The task. Make an exact copy of the entries, taking out every picture.

---------------

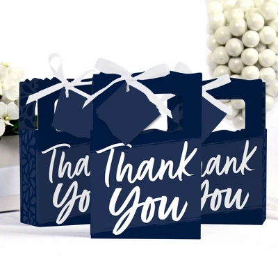 Navy Blue Elegantly Simple Favor Boxes INCLUDES 12 Royal Blue party favor Boxes, 12 gift tags, and coordinating satin ribbon. Classic favor boxes are a party must-have. Royal Blue theme party supplies are great for a wide variety of events. Navy Blue Elegantly Simple Party Favor Boxes SIZE 4.75 inches wide x 4.75 inches high x 2.25 inches deep (fillable inside space) with a total height of 7 inches, including the handle. The coordinating gift tags, and ribbon makes these 12 Royal Blue party favor boxes a complete treat box party kit that everyone will love. ROYAL BLUE PARTY SUPPLIES: These favor boxes will hold a variety of treats, prizes and party favors for your guests. Fill them with baked goodies, party trinkets or thank you gifts for adorable Navy Blue Elegantly Simple party favors! PREMIUM PARTY FAVOR BOXES: Navy Blue Elegantly Simple party favor boxes are professionally printed on heavy-duty cardstock paper with a photo-like shine. They are hand-folded and individually inspected, then carefully packaged. Favor boxes will arrive flat, partially assembled. Finishing assembly is required but it is easy. Once assembled, add the Navy Blue Elegantly Simple gift tag with the included ribbon for perfect party favors! MADE IN AMERICA: Navy Blue Elegantly Simple Baby or Bridal Shower, Anniversary, Retirement, or Birthday Party Favor Boxes are designed and manufactured at our Wisconsin facility.
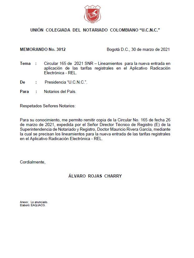 Circular 165 de 2021 SNR – Lineamientos para la nueva entrada en aplicación de las tarifas registrales en el Aplicativo Radicación Electrónica – REL. Memorando N° 3012Descargar
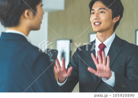 気まずそうな男性と調べている女性
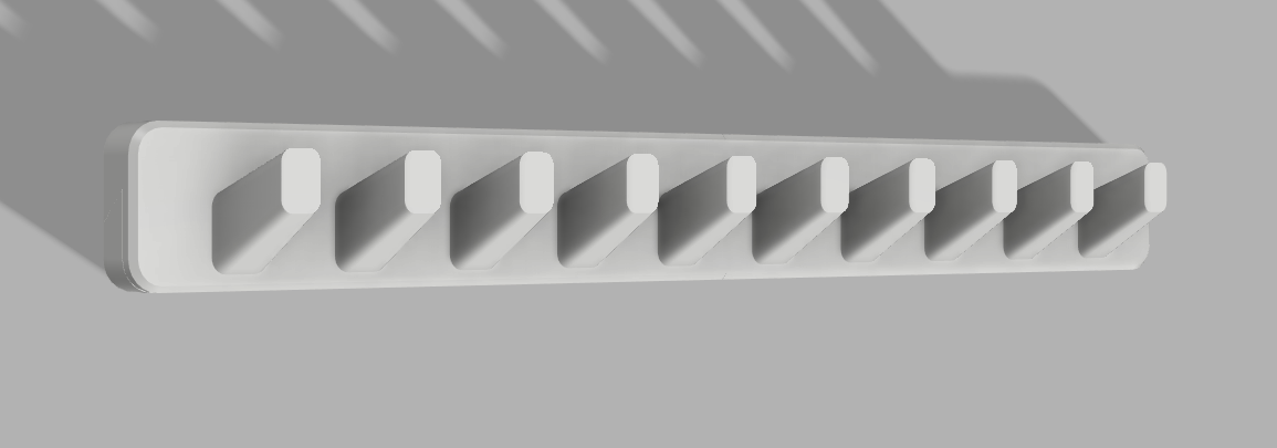 Móc treo áo kiểu French cleat. Có hai gờ/điểm định vị (registration) trên mỗi nửa của móc treo để đảm bảo nó luôn chắc chắn, không bị trượt theo trục X. Thiết kế che đầu vít và giúp bạn dễ dàng dời/chỉnh vị trí các móc nếu muốn.
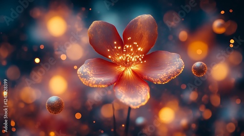 flower, aglow, glowing, ambient, setting, light, bloom, blossom, flower petals, orange, red, dark, background, bokeh, sparkle, shine, glistering, vibrant, magical, mystical, fantasy, surreal, abstract, art, digital, illustration, design, cosmic, nebula, night, star, sphere, particle, energy, flames, warmth, beauty, nature, artistic, creativity, detailed, intricate

---------------

Written solution.
 Navy Blue Elegantly Simple Favor Boxes INCLUDES 12 Royal Blue party favor Boxes, 12 gift tags, and coordinating satin ribbon. Classic favor boxes are a party must-have. Royal Blue theme party supplies are great for a wide variety of events. Navy Blue Elegantly Simple Party Favor Boxes SIZE 4.75 inches wide x 4.75 inches high x 2.25 inches deep (fillable inside space) with a total height of 7 inches, including the handle. The coordinating gift tags, and ribbon makes these 12 Royal Blue party favor boxes a complete treat box party kit that everyone will love. ROYAL BLUE PARTY SUPPLIES: These favor boxes will hold a variety of treats, prizes and party favors for your guests. Fill them with baked goodies, party trinkets or thank you gifts for adorable Navy Blue Elegantly Simple party favors! PREMIUM PARTY FAVOR BOXES: Navy Blue Elegantly Simple party favor boxes are professionally printed on heavy-duty cardstock paper with a photo-like shine. They are hand-folded and individually inspected, then carefully packaged. Favor boxes will arrive flat, partially assembled. Finishing assembly is required but it is easy. Once assembled, add the Navy Blue Elegantly Simple gift tag with the included ribbon for perfect party favors! MADE IN AMERICA: Navy Blue Elegantly Simple Baby or Bridal Shower, Anniversary, Retirement, or Birthday Party Favor Boxes are designed and manufactured at our Wisconsin facility.
 Circular 165 de 2021 SNR – Lineamientos para la nueva entrada en aplicación de las tarifas registrales en el Aplicativo Radicación Electrónica – REL. Memorando N° 3012Descargar
 気まずそうな男性と調べている女性
 Móc treo áo kiểu French cleat. Có hai gờ/điểm định vị (registration) trên mỗi nửa của móc treo để đảm bảo nó luôn chắc chắn, không bị trượt theo trục X. Thiết kế che đầu vít và giúp bạn dễ dàng dời/chỉnh vị trí các móc nếu muốn.
 flower, aglow, glowing, ambient, setting, light, bloom, blossom, flower petals, orange, red, dark, background, bokeh, sparkle, shine, glistering, vibrant, magical, mystical, fantasy, surreal, abstract, art, digital, illustration, design, cosmic, nebula, night, star, sphere, particle, energy, flames, warmth, beauty, nature, artistic, creativity, detailed, intricate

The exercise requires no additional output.